According to the Federal Transit Administration, it will cost nearly $50 billion to bring rail lines in Washington and five other urban areas — New York, Chicago, Philadelphia, Boston, and San Francisc — up to a “state of good repair.” Current rates of spending are not even adequate to keep these systems in the miserable condition they are in today. As an official with New York’s Metropolitan Transportation Authority says with resignation, “there will never be enough money” to restore New York’s rail system to a state of good repair (see p. 15).
So what’s the solution? How about federal regulation of transit agencies? That won’t solve any problems, but at least we’ll have a whole new layer of bureaucracy to blame the next time people are killed in a train crash.
The Washington Metro never intended to pay for new rail cars. Their plan has always been to let the system age to the point where the federal government will fund the replacement cars.
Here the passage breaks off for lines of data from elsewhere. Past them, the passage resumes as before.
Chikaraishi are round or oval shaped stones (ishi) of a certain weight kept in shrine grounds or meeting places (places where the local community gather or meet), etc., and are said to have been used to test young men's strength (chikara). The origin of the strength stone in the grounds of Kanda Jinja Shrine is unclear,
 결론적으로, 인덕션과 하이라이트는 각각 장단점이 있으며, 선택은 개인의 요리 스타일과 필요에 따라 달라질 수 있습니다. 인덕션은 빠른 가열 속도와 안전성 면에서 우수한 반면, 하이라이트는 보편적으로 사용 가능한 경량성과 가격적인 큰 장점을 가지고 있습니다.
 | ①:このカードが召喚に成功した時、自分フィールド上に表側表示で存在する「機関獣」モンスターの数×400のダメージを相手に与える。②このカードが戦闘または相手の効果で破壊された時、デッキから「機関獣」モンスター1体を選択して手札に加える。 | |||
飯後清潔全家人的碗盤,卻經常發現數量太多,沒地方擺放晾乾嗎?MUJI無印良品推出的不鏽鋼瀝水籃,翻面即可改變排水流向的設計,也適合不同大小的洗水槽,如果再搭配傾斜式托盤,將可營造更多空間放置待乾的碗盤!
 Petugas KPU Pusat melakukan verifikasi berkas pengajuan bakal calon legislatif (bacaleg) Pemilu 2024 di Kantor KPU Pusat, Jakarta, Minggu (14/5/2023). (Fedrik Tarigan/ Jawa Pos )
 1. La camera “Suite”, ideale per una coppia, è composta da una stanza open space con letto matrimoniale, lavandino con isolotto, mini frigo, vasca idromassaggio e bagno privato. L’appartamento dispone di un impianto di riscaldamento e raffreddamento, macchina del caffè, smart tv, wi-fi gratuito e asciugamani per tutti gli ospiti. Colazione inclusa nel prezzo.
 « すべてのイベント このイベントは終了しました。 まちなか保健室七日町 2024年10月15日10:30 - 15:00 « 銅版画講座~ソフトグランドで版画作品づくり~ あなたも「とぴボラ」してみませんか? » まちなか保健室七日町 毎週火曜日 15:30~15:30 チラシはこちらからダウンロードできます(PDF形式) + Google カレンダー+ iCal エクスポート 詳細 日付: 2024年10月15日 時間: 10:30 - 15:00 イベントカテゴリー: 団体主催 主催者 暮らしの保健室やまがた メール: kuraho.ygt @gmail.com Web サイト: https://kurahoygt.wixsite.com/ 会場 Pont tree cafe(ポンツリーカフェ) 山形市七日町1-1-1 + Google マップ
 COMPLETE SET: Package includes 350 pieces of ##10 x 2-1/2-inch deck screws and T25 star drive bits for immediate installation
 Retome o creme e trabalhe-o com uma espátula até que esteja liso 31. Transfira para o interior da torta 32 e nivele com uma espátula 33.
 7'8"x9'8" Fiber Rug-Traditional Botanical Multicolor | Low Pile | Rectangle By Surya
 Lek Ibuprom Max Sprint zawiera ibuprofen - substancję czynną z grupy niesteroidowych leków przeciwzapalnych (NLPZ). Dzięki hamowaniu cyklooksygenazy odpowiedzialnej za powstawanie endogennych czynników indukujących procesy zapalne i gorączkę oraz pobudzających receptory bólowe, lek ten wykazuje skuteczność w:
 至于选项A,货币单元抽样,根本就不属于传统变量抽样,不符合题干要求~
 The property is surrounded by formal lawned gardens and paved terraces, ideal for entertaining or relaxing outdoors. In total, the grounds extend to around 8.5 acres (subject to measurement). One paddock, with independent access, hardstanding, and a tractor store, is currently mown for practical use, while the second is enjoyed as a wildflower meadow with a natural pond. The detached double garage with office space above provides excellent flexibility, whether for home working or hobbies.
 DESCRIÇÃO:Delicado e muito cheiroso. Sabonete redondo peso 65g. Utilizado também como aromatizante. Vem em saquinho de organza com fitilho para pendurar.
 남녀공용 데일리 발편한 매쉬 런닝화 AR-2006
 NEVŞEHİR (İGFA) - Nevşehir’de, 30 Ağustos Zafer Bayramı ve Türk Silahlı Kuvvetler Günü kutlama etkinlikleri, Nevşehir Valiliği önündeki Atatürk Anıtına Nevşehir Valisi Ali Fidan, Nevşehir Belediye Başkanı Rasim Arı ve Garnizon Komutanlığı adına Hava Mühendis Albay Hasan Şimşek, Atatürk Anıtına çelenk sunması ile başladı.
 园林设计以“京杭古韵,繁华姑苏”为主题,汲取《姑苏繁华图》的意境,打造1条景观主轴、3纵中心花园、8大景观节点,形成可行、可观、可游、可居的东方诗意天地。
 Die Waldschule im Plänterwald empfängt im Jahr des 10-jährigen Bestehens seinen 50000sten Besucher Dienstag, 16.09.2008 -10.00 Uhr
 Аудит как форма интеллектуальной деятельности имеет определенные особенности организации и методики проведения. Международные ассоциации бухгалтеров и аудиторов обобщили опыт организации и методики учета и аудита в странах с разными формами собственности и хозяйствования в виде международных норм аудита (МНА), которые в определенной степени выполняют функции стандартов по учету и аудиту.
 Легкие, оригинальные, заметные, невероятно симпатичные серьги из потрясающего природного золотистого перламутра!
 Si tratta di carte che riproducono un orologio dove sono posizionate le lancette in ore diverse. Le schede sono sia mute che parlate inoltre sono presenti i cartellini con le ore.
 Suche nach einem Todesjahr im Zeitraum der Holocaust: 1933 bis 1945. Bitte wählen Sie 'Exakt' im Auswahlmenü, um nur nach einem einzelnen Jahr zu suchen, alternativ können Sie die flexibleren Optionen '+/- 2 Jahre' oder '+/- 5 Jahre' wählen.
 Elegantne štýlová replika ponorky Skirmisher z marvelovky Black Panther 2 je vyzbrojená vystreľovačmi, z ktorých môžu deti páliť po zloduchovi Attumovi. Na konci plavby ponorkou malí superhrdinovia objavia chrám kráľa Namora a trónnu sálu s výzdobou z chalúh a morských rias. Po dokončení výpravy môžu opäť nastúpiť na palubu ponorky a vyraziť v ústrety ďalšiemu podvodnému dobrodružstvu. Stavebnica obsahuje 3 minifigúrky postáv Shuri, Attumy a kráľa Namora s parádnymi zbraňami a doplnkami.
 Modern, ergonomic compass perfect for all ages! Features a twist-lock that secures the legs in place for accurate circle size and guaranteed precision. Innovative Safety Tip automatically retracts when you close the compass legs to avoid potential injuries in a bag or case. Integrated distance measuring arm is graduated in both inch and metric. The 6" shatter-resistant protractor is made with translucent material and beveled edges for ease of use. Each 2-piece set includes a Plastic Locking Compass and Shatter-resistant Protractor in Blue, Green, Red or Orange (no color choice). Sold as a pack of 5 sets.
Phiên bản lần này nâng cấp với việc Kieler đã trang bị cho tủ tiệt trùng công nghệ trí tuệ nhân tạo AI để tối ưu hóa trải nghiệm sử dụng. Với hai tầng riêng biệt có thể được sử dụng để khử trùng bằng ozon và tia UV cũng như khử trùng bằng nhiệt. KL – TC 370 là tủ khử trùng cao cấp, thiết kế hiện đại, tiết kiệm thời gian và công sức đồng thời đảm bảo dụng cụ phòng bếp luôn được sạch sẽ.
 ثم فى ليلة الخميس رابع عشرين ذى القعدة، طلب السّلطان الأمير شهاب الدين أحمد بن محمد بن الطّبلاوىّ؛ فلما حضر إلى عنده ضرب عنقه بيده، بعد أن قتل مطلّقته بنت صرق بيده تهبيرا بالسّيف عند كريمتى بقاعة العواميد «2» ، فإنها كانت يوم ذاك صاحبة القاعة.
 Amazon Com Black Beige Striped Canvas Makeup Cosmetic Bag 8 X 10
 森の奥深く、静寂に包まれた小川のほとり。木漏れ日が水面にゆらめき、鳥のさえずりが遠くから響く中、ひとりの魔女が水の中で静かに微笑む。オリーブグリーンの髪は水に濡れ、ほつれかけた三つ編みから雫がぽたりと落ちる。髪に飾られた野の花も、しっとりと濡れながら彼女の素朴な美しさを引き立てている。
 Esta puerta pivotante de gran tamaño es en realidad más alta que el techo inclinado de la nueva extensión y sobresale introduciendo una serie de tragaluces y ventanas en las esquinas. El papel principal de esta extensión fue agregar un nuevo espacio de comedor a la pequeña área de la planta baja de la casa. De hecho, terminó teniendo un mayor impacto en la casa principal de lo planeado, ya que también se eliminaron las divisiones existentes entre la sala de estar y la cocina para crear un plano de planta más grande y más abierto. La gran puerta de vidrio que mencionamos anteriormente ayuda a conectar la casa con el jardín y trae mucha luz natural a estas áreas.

Safety must be a consideration from beginning to end of a transport project, from initial concept to recycling the parts. The safety principles are well-known; human tolerances were established by Col. John Stapp and others more than fifty years ago.
My favorite approach is the economic method – value a human life at ten to twenty million dollars and include it with all the other costs including passengers’ time waiting and in transit, then minimize life cycle cost and/or maximize profits. This is a rational engineering approach. Lawyers, politicians, and ignorant/greedy managers have their own different approaches which can reduce safety.
“The Washington Metro never intended to pay for new rail cars. Their plan has always been to let the system age to the point where the federal government will fund the replacement cars.”
Washington Metro can’t print money — its funding depends on multiple local/state jurisdictions (Fairfax County, Arlington County, Alexandria City, Falls Church City, Washington DC, Montgomery County, Prince Georges County, Maryland, and Virginia). Plus the Feds, of course. These all have unique budget constraints, plus wildly differing priorities.
You imply they’ve simply decided not to replace rail cars. But lacking committed funding sources and having to beg every budget cycle for enough funds to operate — and knowing that too aggressively increasing fares drives away riders — let alone maintain facilities and replace aging rail cars — precisely how do you suggest they do things differently/better regarding replacing equipment?
Spare me arguing against mass transit or that Metro shouldn’t have been built, or whatever. You said they “never intended to pay for new rail cars”. I’m asking how you suggest they SHOULD pay for them.